Heads in the clouds means more fog and less sunlight, something not yet measured.

In spite of the fact that North Carolina’s average temperature has exceeded the 1901-2000 average in 18 of the last 25 years, Neufeld said the Southern Appalachians haven’t yet had any appreciable warming.

But temperature trends take a number of years to become apparent, he said. “We may see warming start in the next several decades.”

Chillin’ at Christmas

While Appalachian State researchers study Christmas trees’ reaction to climate change, some N.C. State scientists are studying how tree farmers may adapt.
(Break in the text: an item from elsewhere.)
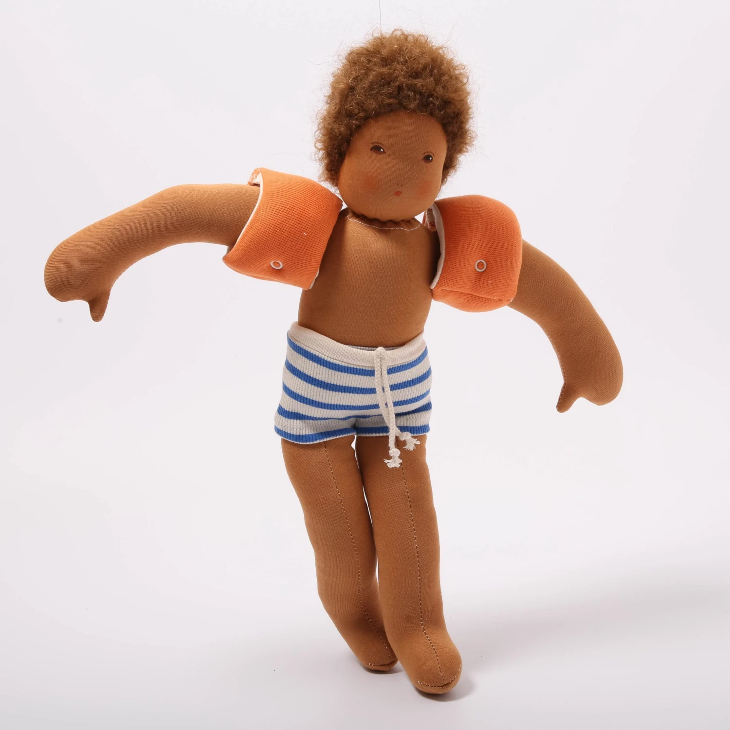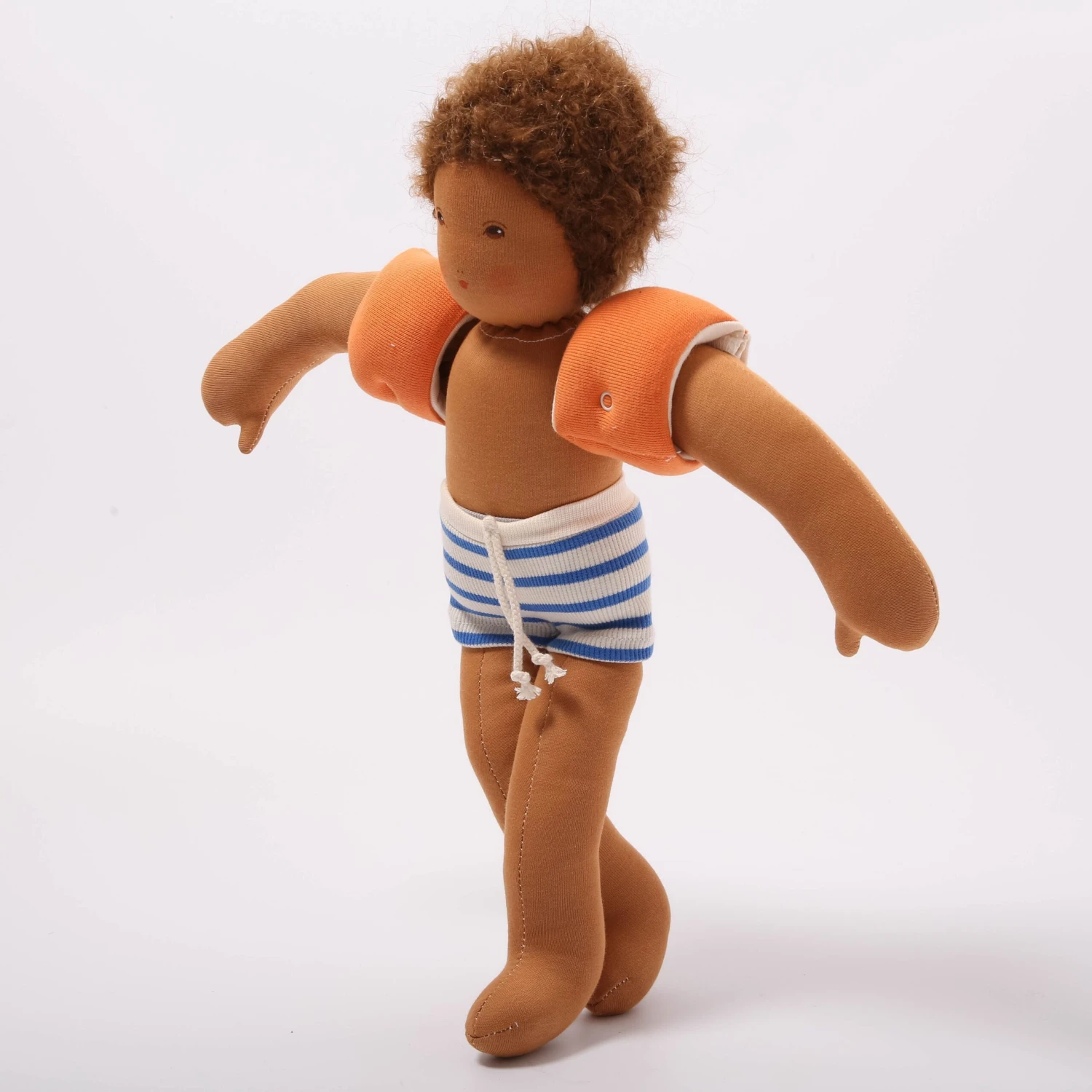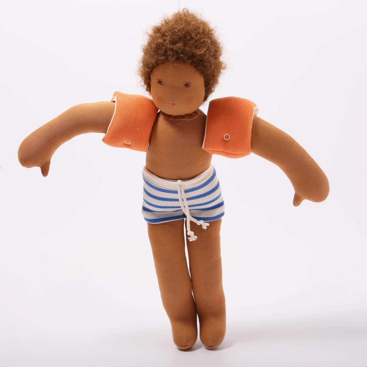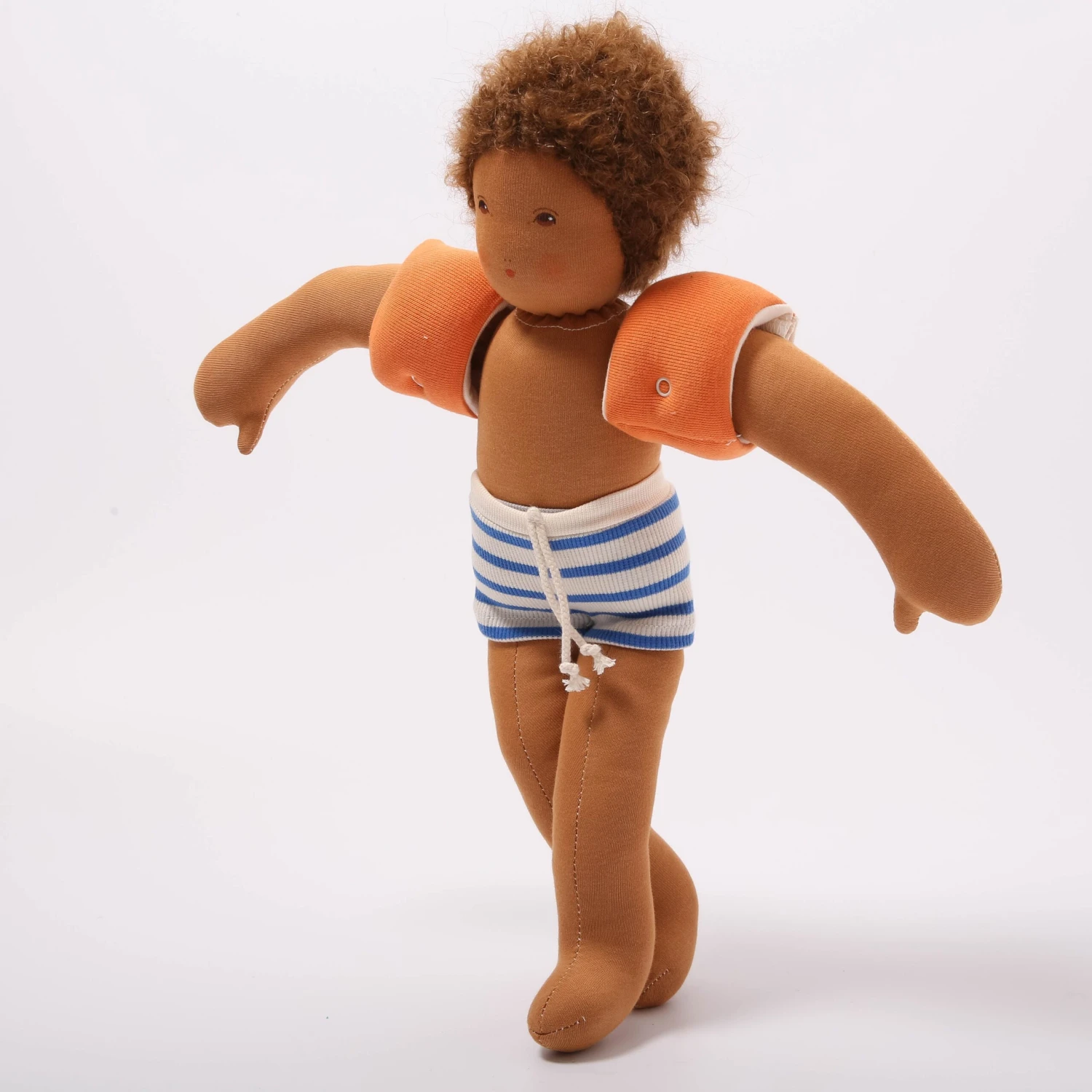 Introducing our fabulously handcrafted Swimming Trunks for your favourite Nanchen Doll. With a playful striped design and two vibrant orange arm bands, these 100% organic trunks are a must-have for your doll’s summer wardrobe. Get ready to make a splash!

John Frampton and colleagues for several years have been collecting seeds from lower-elevation Fraser firs that seem to withstand higher temperatures well.

And they’ve traveled to Turkey for seeds of fir varieties that tolerate heat. They’re growing in test plots in North Carolina.

“My wife and I actually had one last Christmas. It was pretty,” Frampton said. Needles, however, tended to fall off, he said.

Needle retention, which requires several hard freezes during the winter, is a Fraser fir trademark.

With Fraser firs, “If we get to a point we’re not getting enough cold treatment, one option may be to artificially chill them in a refrigerated storage unit,” Frampton suggested.